Correct. There appears to be a hierarchy in trading just like everything else in life. In trading, short-term trading with leverage is the top tier and a winner takes all market. Becoming a consistent net winner as a day trader is most certainly possible, so I'm not claiming otherwise. It's just extremely unlikely that your average starry eyed retail trader entering this field will ever achieve it. And for the few who do it will likely take years of very hard work and focused effort. The only ones who will tell you differently are the snake oil sellers, vendors and false gurus on ET (of which there are many) who get off by 'preaching and teaching' their own ignorance. Now, it may not be easy to become consistently profitable as a swing trader either, but I'd say the chances of some kind of consistency is far higher than with day trading. Next up is investing.
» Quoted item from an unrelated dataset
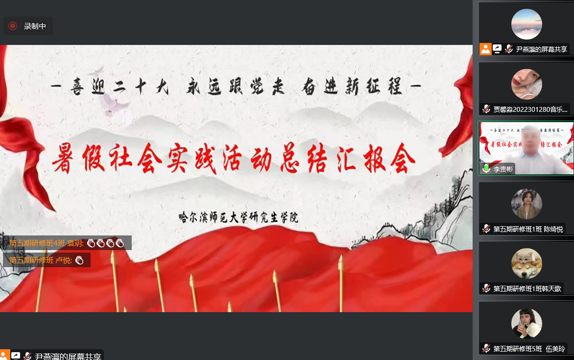 刘勇宣读了2022年暑假社会实践获奖作品名单。研修班成员代表高子贻、李梓源、吕沐阳等7位同学分别从模范人物寻访、志愿公益服务、家乡发展调研、少数民族文化等方面对暑假社会实践活动做了总结汇报。暑假社会实践活动增强了研究生服务社会的责任感与使命感,彰显了我校研究生的责任担当与青春力量,鼓励广大研究生同学继续在新征程上唱响青春之歌,在社会实践中砥砺奋进,谱写新时代青年服务人民、奉献社会的新篇章,用实际行动践行新使命。

You may not become rich in a few years, but it should be fairly easy to get some return on your money and grow it consistently with low drawdowns from year to year. Losing money in the market is a choice, so it's entirely up to each individual.
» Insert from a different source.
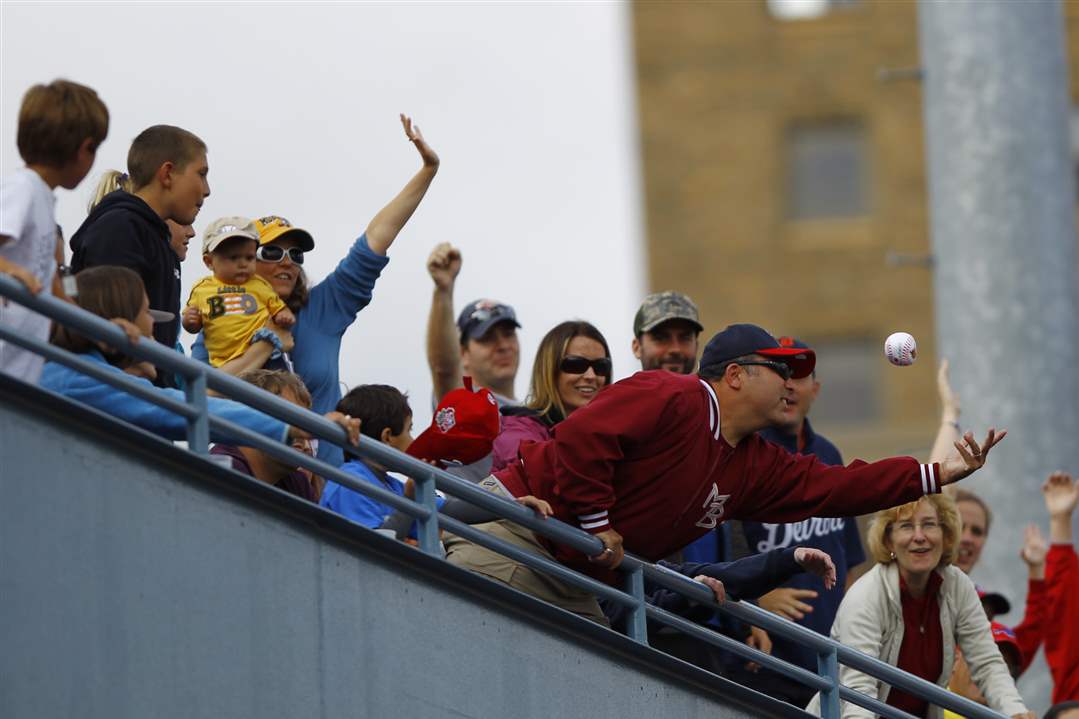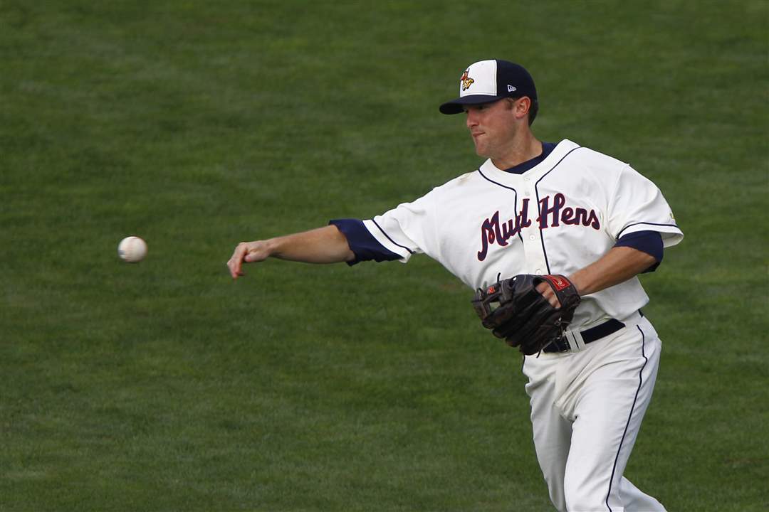 Toledo's Danny Worth throws a ball back to the infield after making a catch.

On a change of note, here is another lesson learned: Buy hand over fist during a crisis. I don't care what the crisis is. Just buy: housing/real estate crash of 2008, crypto crash of 2022, stock market crashes 2008 and 2020, oil going negative 2020, regional banking collapse 2023, etc. etc. 3-6 months down the road you will be happy that you bought during the crisis.
The richest guys on ET are all vol traders. and the richest traders in the world are market makers with the second being macro traders. Short term (day traders) are at the bottom.
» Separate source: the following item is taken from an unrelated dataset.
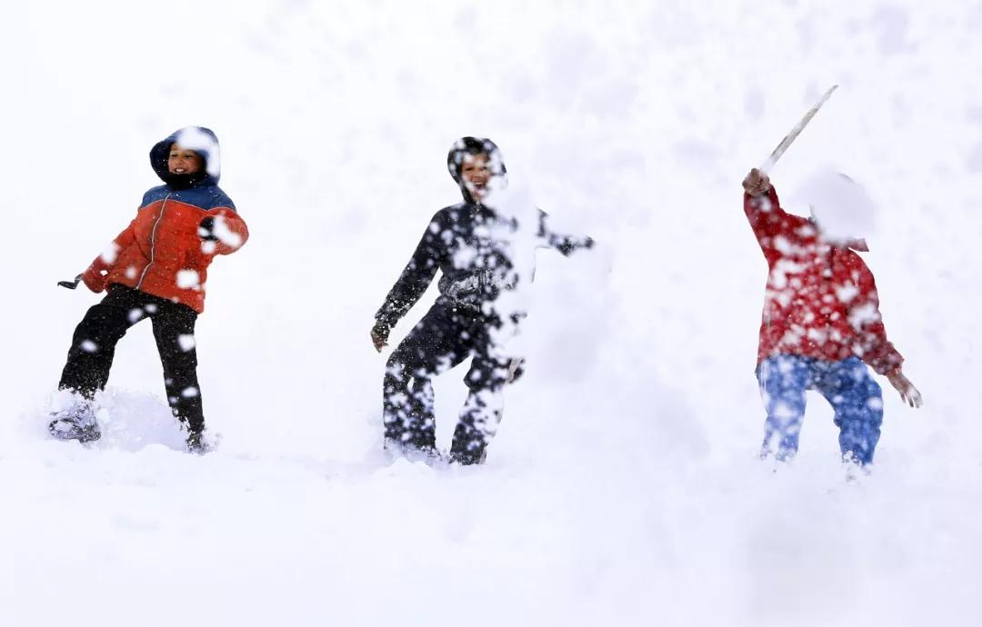 2019 年1月4日,在阿富汗喀布爾郊區(qū),孩子們在雪中玩耍。阿富汗喀布爾迎來2019年第一場雪。

To clarify, my comment was geared towards the amateur retail trader entering this business with no professional background or access. I'm sure that excludes both market making and macro trading. When I said hierarchy, I was mostly referring to difficulty, although of course day trading can be very profitable for the select few who can pull it off.
It is very intimidating reading post after post from the professionals on ET discussing option strategy, pricing, skew.... Early on I tried to understand how @destriero, @taowave, @TheBigShort... trade options, studying furiously how options are priced, studying butterflies, IV, skew, sticky delta, sticky gamma... to no avail. After a series of discussions on butterfly with @destriero, it dawned on me I should not try to be who I am not. I do not have a formal business training, no professional finance training, nor the IQ, the math skills... to compete. So I dumbed things down and simplified option to my level: It is a trading tool, no more, no less. When conditions are right, I trade options instead of the underlying.
If you don't have any dry powder, then you may want to consider taking some profits of your holdings to get into something with more potential upside...Or don't do anything. You have to pick and choose and manage risks. That's what this game is all about. Another lesson is that everything will eventually have its day in the sun, and everything will eventually have it's day in the shitter.
Easier said than done sir. I have been around the blocks a few time, 2000, 2009, 2020, 2022.... Trying to guess the bottom and switch is a fool's game.